Saved entries:
# # # # # # #

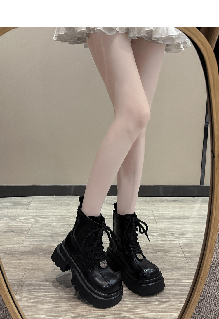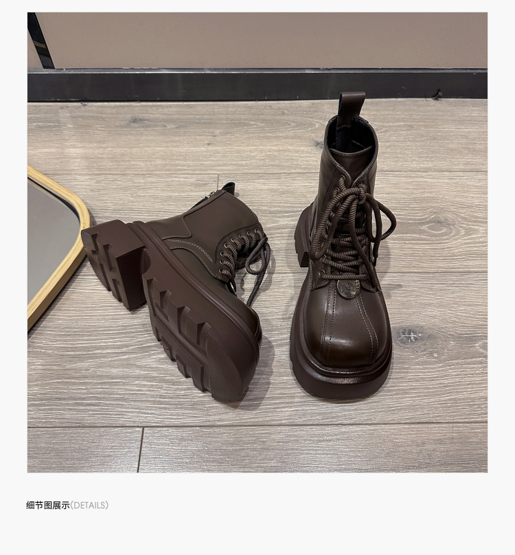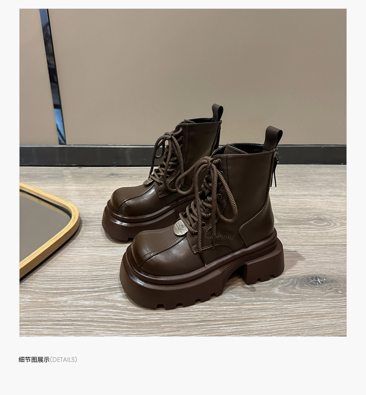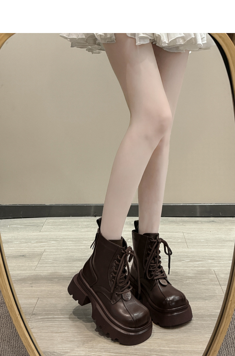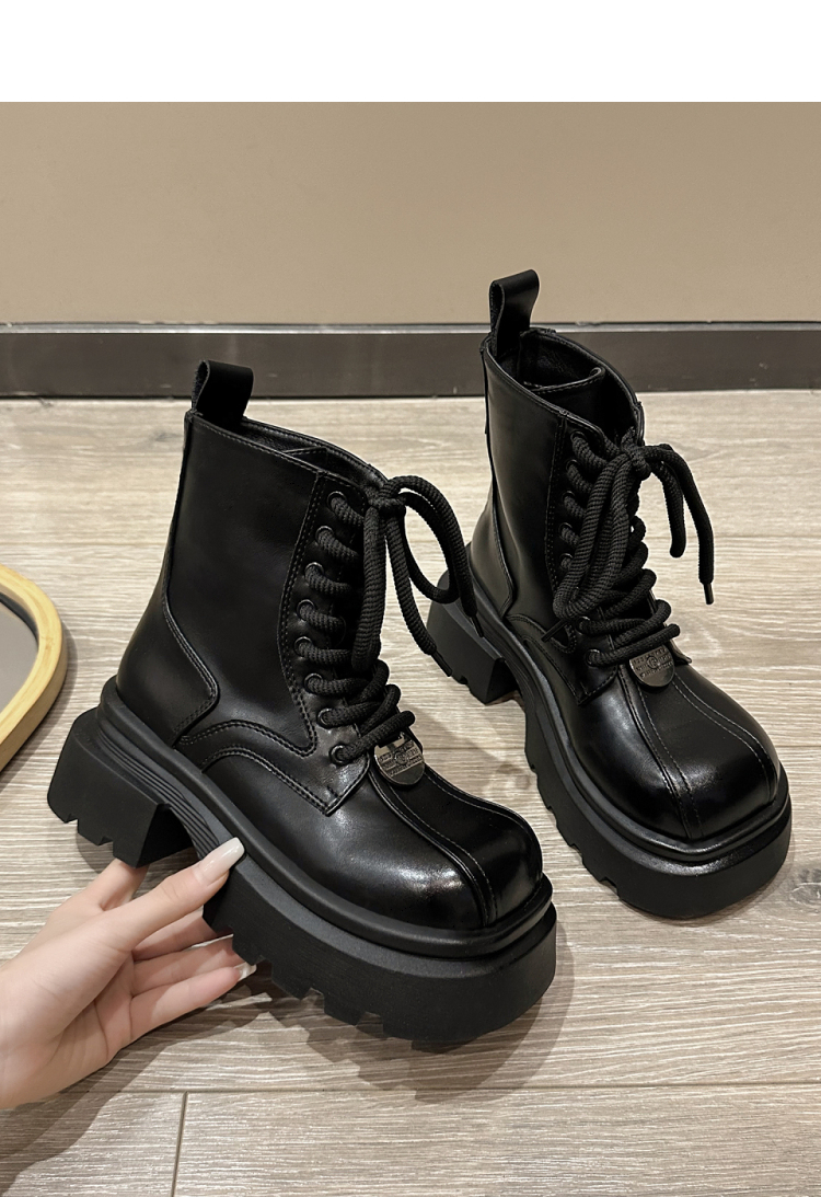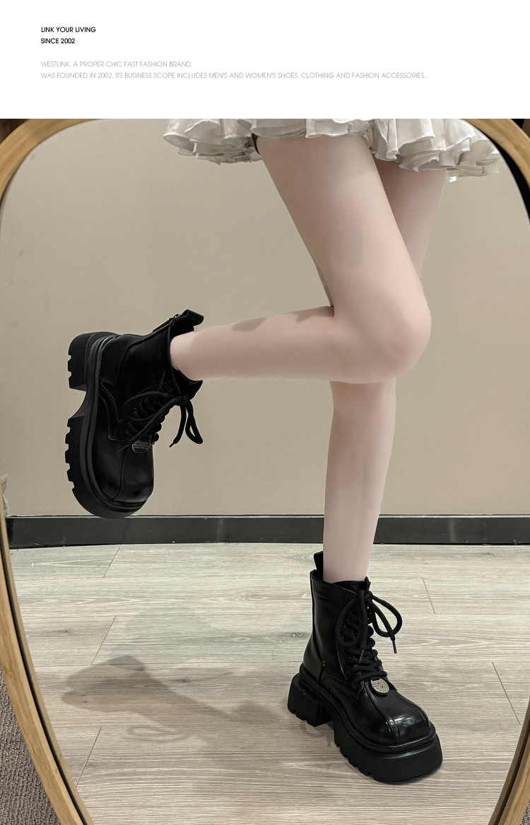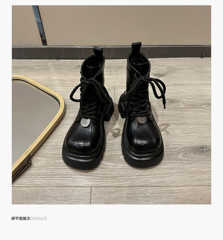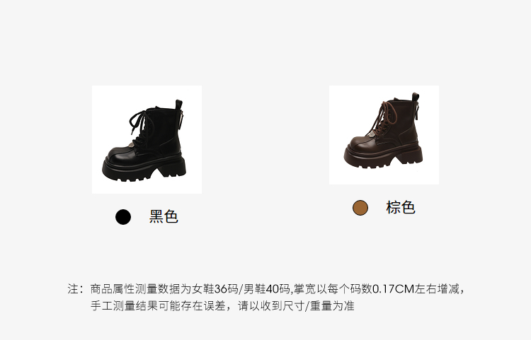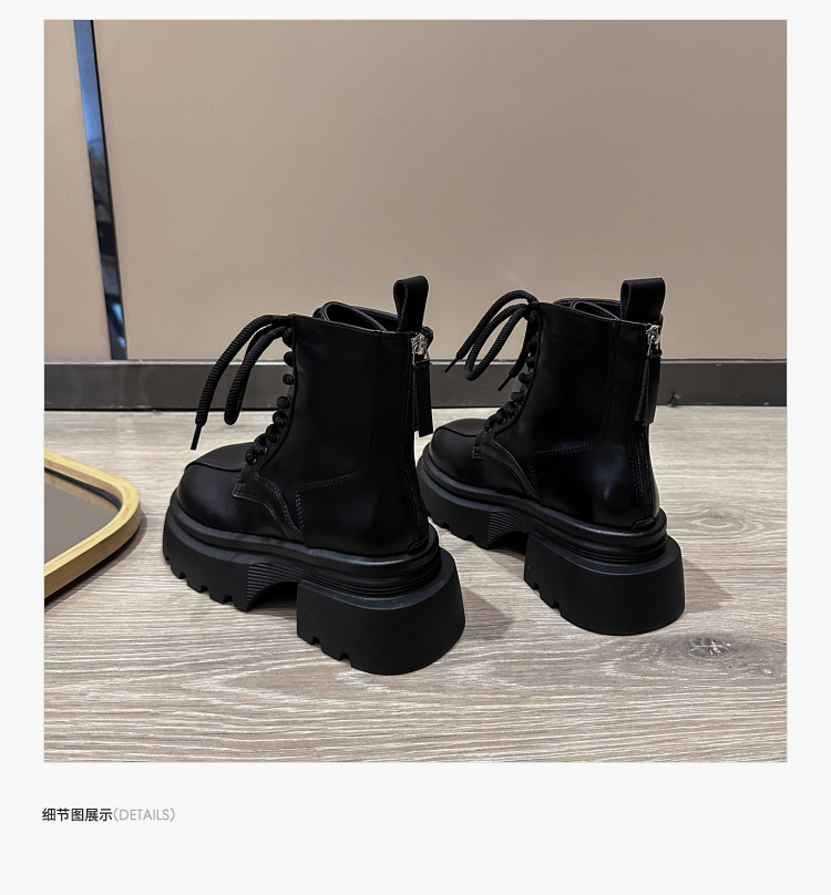 西遇增高马丁靴女新款秋冬机车靴休闲黑色小个子松糕厚底短靴V0047808
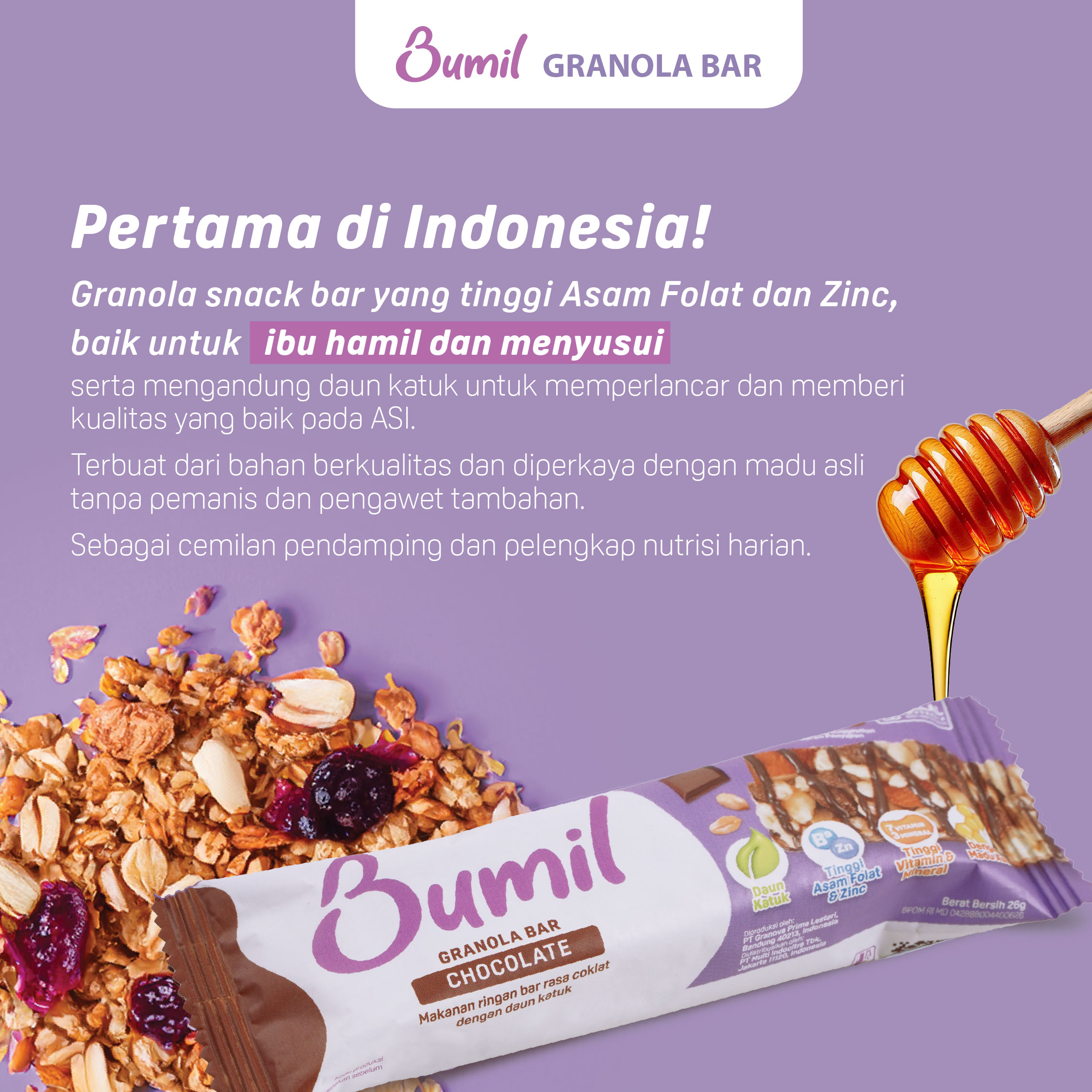 Granola Bar dengan rasa Cokelat.
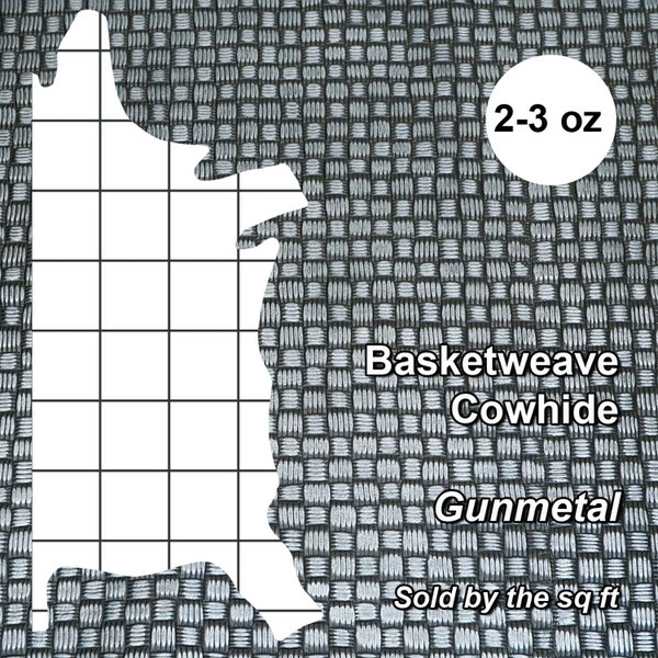 Embossed Basketweave Side – Gunmetal. Sides of Cowhide leather with a Basketweave design in a Gunmetal color, Leather is 2 – 3 oz. (.8 – 1.2 mm.). Average side is 20 – 23 square feet. Sold by the square foot, We will cut.
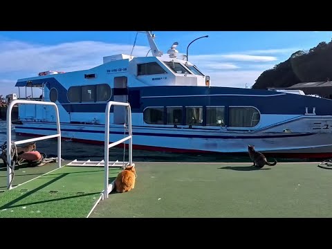 帰りのフェリーを待っていたら…桟橋に猫たちが集まってきて静かにお見送りしてくれた(YouTube)
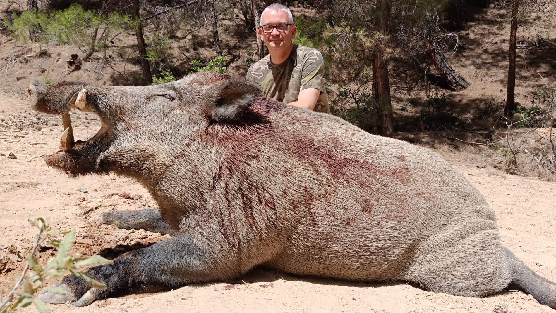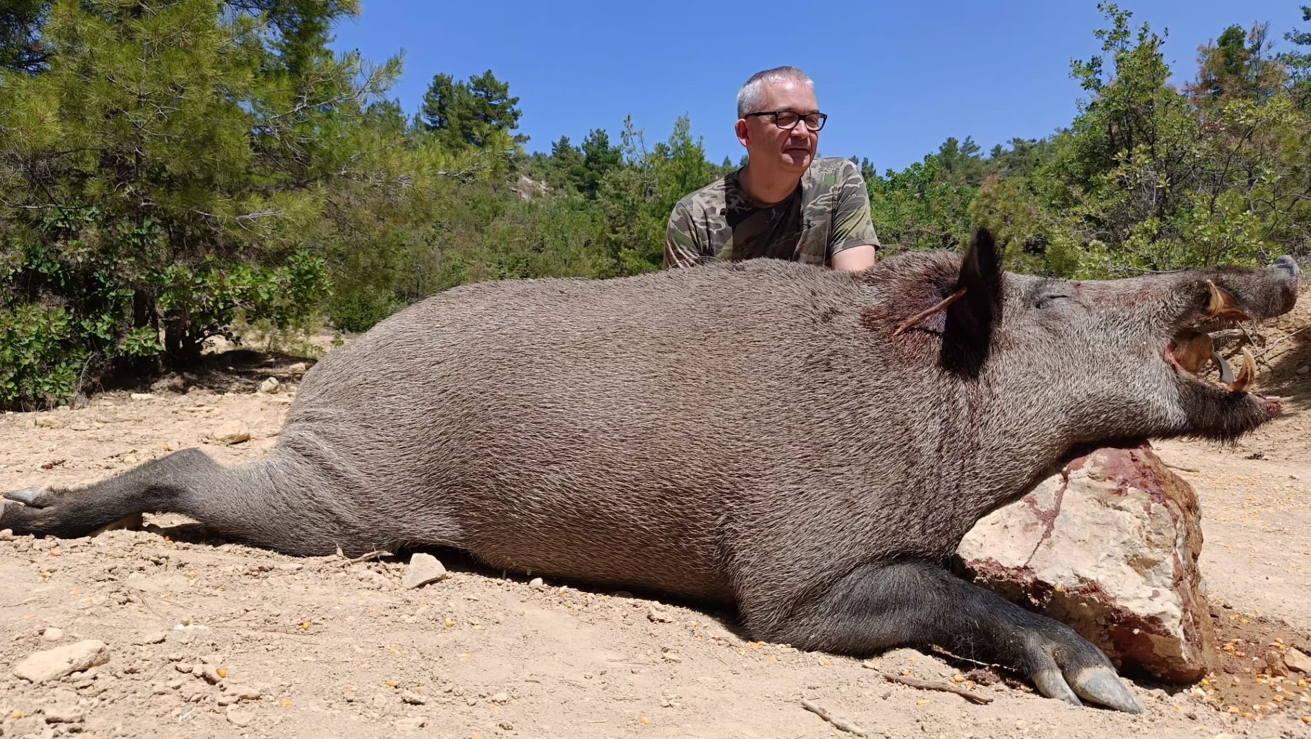 Ein sehr glücklicher Jäger ist gerade von Urlaub und Jagd in der Türkei zurückgekehrt, wo er nicht weniger als 4 große Keiler erlegte, von denen der größte fast 300 kg wog und 26 cm lange Hauer hatte!

# # # # # # #

Instructions to follow: Look above for the line with "Embossed Basketweave Side", then print it and each line after it down to and including the line with "帰りのフェリーを待っていたら". Leave out the pictures and keep the wording exact.

Response box:
 Embossed Basketweave Side – Gunmetal. Sides of Cowhide leather with a Basketweave design in a Gunmetal color, Leather is 2 – 3 oz. (.8 – 1.2 mm.). Average side is 20 – 23 square feet. Sold by the square foot, We will cut.
 帰りのフェリーを待っていたら…桟橋に猫たちが集まってきて静かにお見送りしてくれた(YouTube)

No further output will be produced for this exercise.